● Work to complete
From the line containing "African Elephant with" to the last line of the data, both included, transcribe each line exactly, leaving out pictures and adding nothing.

● Provided material
---+---
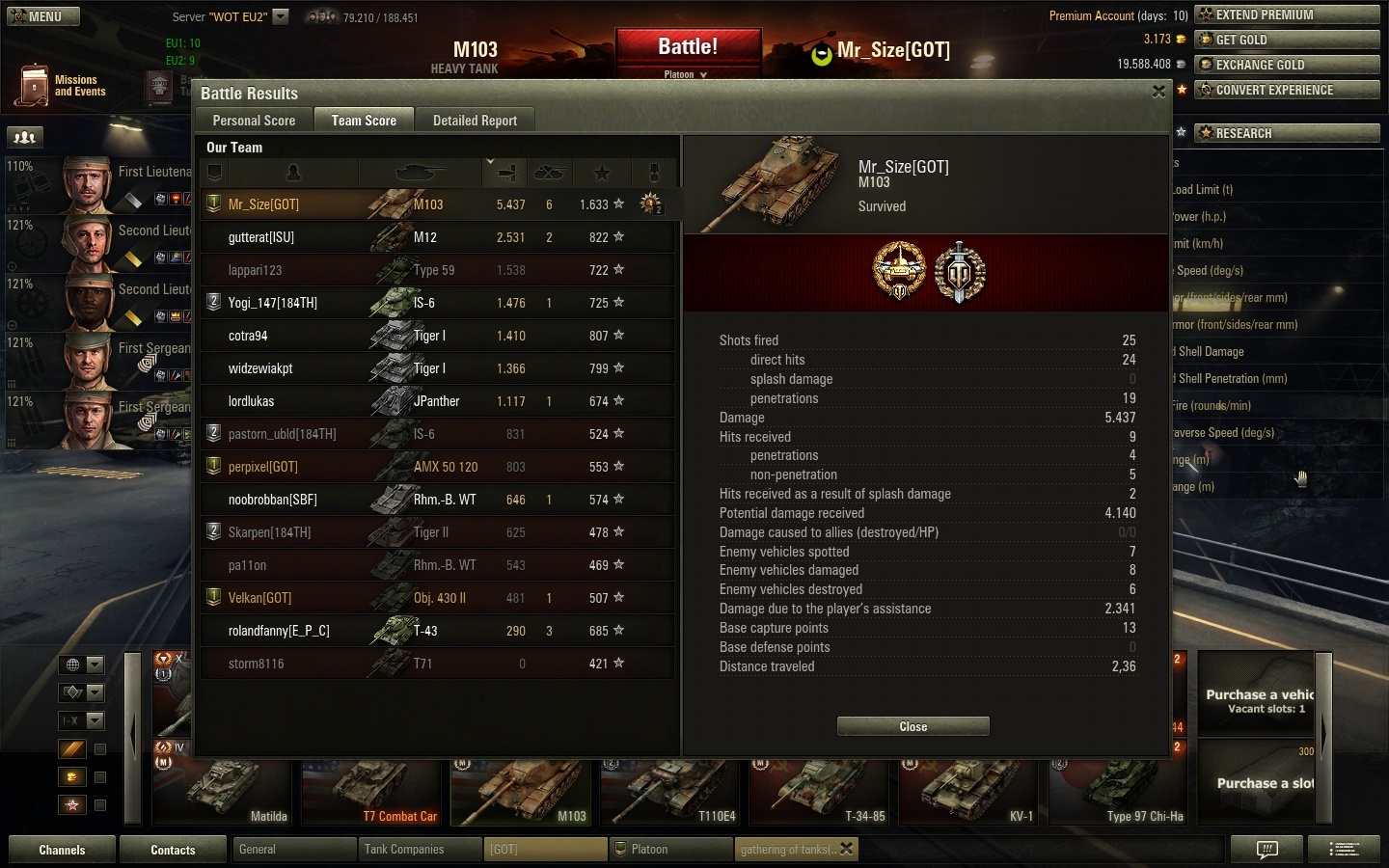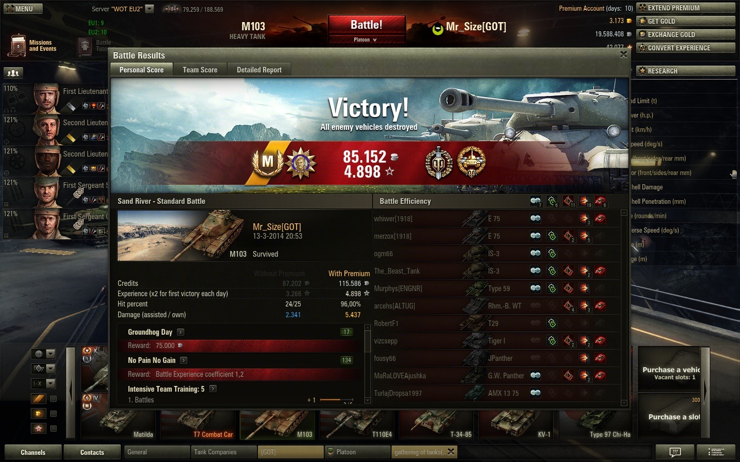 Wat een tank, het is dat ik die E5 graag wil en daar die 103 crew voor nodig heb, maar anders had ik die M103 100% gehouden. Maar ach, ik heb de Conqueror nog en die ga ik sowieso houden. Nog zo'n leuke T9 tank. Dit is momenteel wel mijn favoriete tier, vaak een stuk leuker dan met T10 tanks spelen.
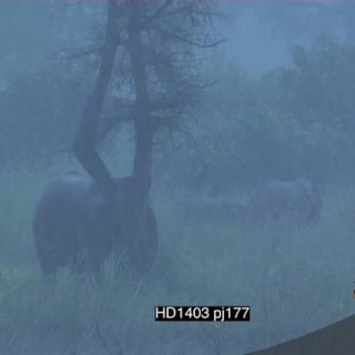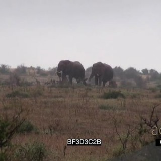 African Elephant with calfs in BG grazing standing in Rainstorm
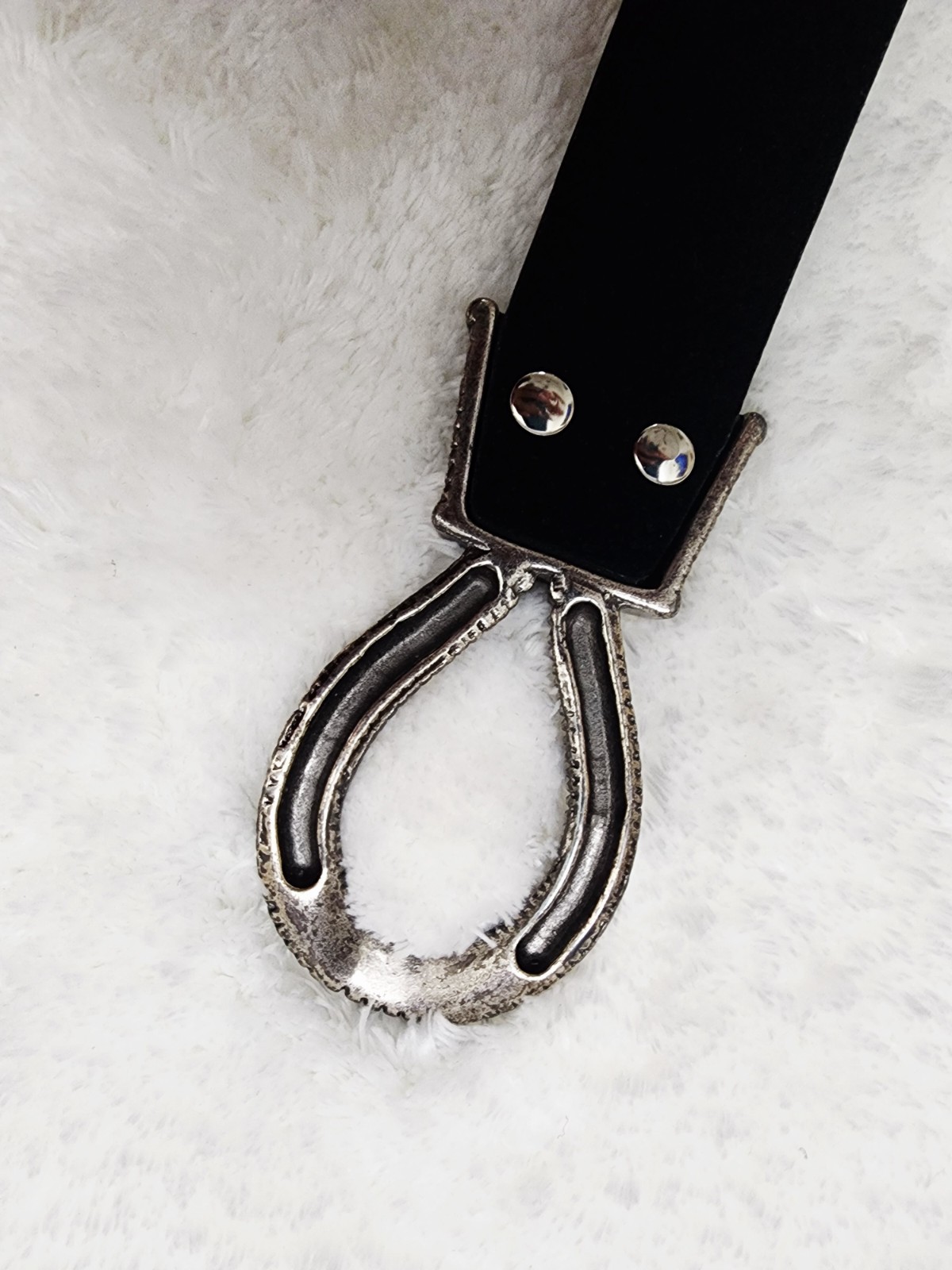 Chicos Black Adjustable Leather Belt Silver Horsebit Loop Tribal Buckle ML VTG
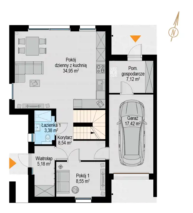 pokój dzienny z aneksem kuchennym – 34, 95 m²
---+---
● Result below
 African Elephant with calfs in BG grazing standing in Rainstorm
 Chicos Black Adjustable Leather Belt Silver Horsebit Loop Tribal Buckle ML VTG
 pokój dzienny z aneksem kuchennym – 34, 95 m²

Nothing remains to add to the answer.